Self-hosted (Ollama) setup

Ollama is the offline path. Quick start on macOS / Linux:

Install and start Ollama (see ollama.com — link kept off this page so it doesn't rot).

Pull a tool-capable instruct model:

ollama pull llama3.1:8b
# or for the agent_complex surface:
ollama pull llama3.1:70b

In Flowfile, Settings → AI Providers → Ollama:
- Leave API key empty.
- Set API base to http://localhost:11434 (the default; only override if your Ollama server is elsewhere).
- Optionally set Default model to the tag you pulled.
- Click Save, then Test.

Tool-call quality varies by model. Llama 3.1+ instruct models do tool calls correctly; older or non-instruct models sometimes return tool calls as text in the assistant content. The Agent surface compensates with Pydantic-repair on the tool-call shape, but for best results stick to the recommended models.

Troubleshooting

503 Service Unavailable from any /ai/* endpoint. The feature flag is off. AI is on by default — this only happens if someone has explicitly set FEATURE_FLAG_AI=false in the env, or toggled it off at runtime via POST /system/feature_flags/ai. Re-enable by unsetting the env var (or setting it to true) and restarting, or toggle it back on via the admin endpoint.

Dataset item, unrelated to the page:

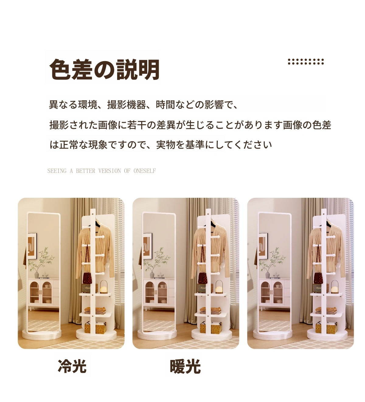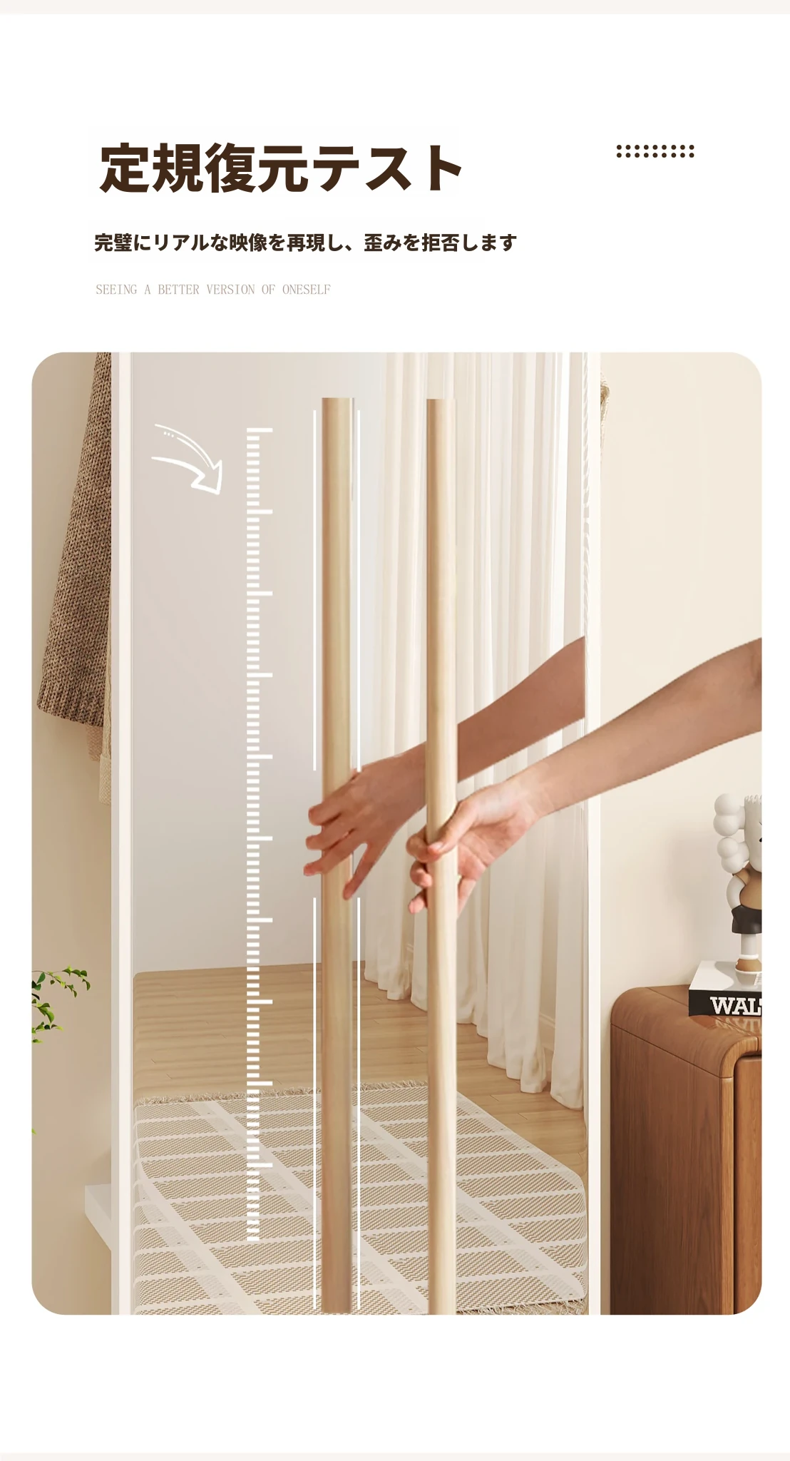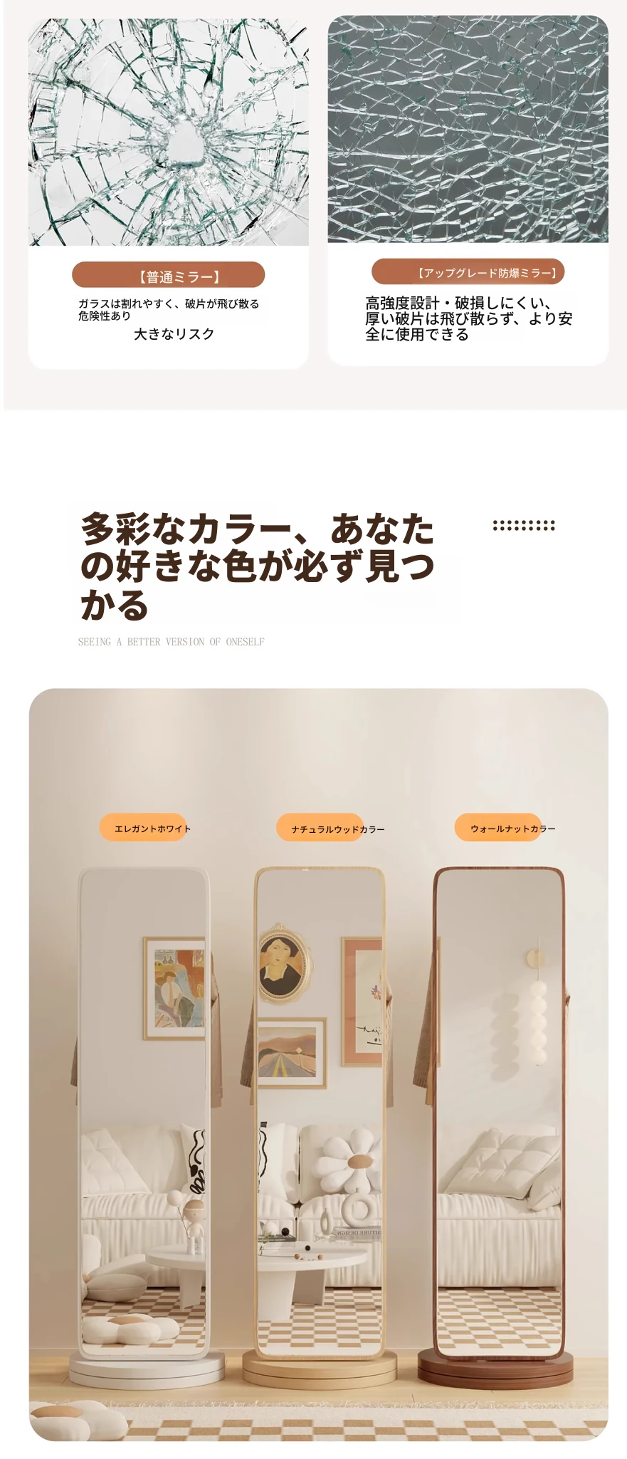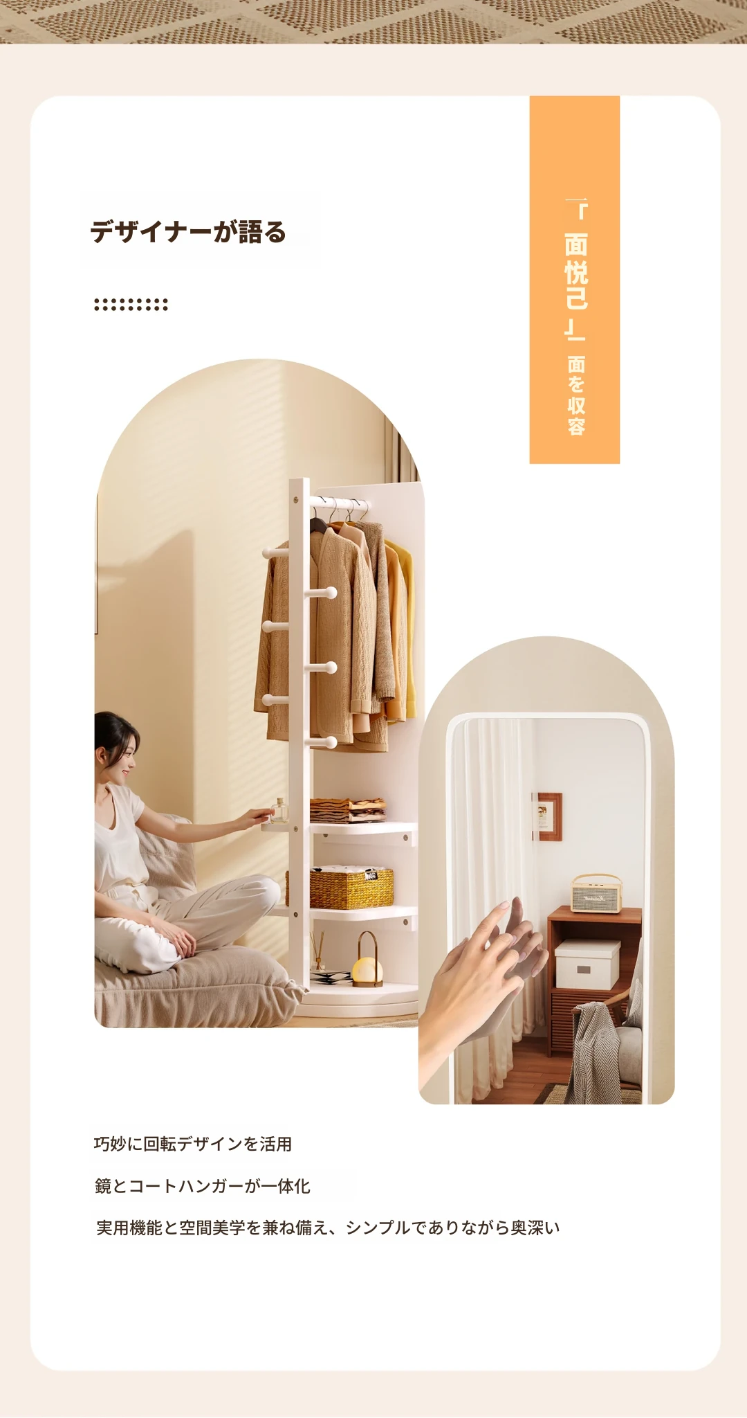 高品質の無垢材全身鏡!回転式で移動も簡単、衣類ハンガー付きの便利な試着ミラー。寝室やリビングにぴったり、スタイリッシュなデザインでおしゃれを楽しもう!
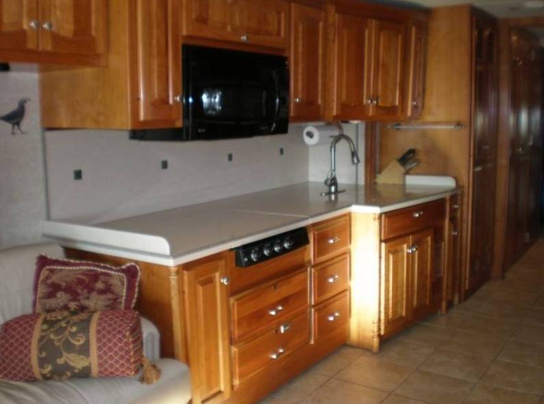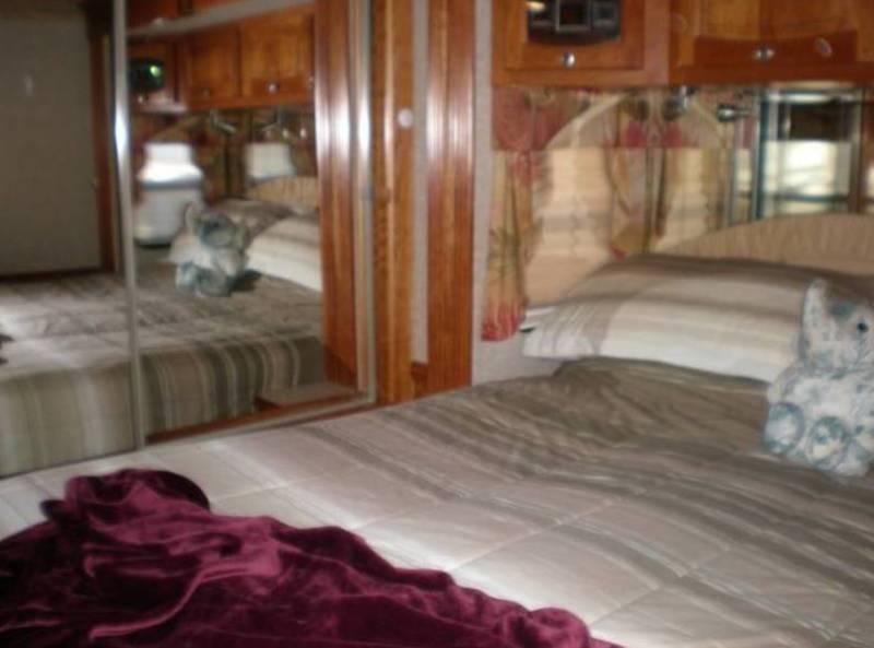 | One owner, 4 slides, non smoking, no pets, leveling system, 2 air conditioners, hydro hot, emaserator sewage pump, basement slides, refrigerator/freezer on slide, outside entertainment center, satellite dish, awnings and slide toppers, back up camera, heated electric mirrors, motorized captain and passenger seats, sofa bed, 2 lazy boy recliners ( all leather), tile floor, carpet in bedroom, cherry cabinets, 4 door fridge with ice maker and water on door, 3 burner stove, microwave/convection oven, dishwasher, washer and dryer, desk dinette with chairs( table is movable), 3 TV's, king bed, lots of storage in and out. Aluminum allow wheels, trailer hitch, gravel skirt, ladder. |

422 Unprocessable Entity when starting an Agent session. The picked model doesn't support tools. Check the Tools column in the provider table. Either switch models on the request or update your credential's default_model.

404 from POST /ai/providers/{name}. Provider name typo. The supported names are exactly: anthropic, openai, google, groq, openrouter, ollama (lowercase, no dashes).

On-device (local) model exits on startup in Docker / "no CPU backend found". The bundled llama-server loads CPU compute backends (libggml-cpu-*.so) that need the OpenMP runtime, libgomp1. The official flowfile-core image bundles it; a custom or older image may not — add it (Debian/Ubuntu: apt-get install -y libgomp1) and restart. The startup error now names the cause: no CPU backend found / exit code 127 → missing libgomp1; killed by SIGKILL → out of memory (give the container more RAM, or pick the 1.5B model / a smaller context in Settings → AI); killed by SIGILL → the image's architecture doesn't match the host CPU.

Credential Test returns ok=false with an authentication error. Key is wrong, expired, or missing required scopes. The error message from the upstream provider is surfaced in the error field of the test result.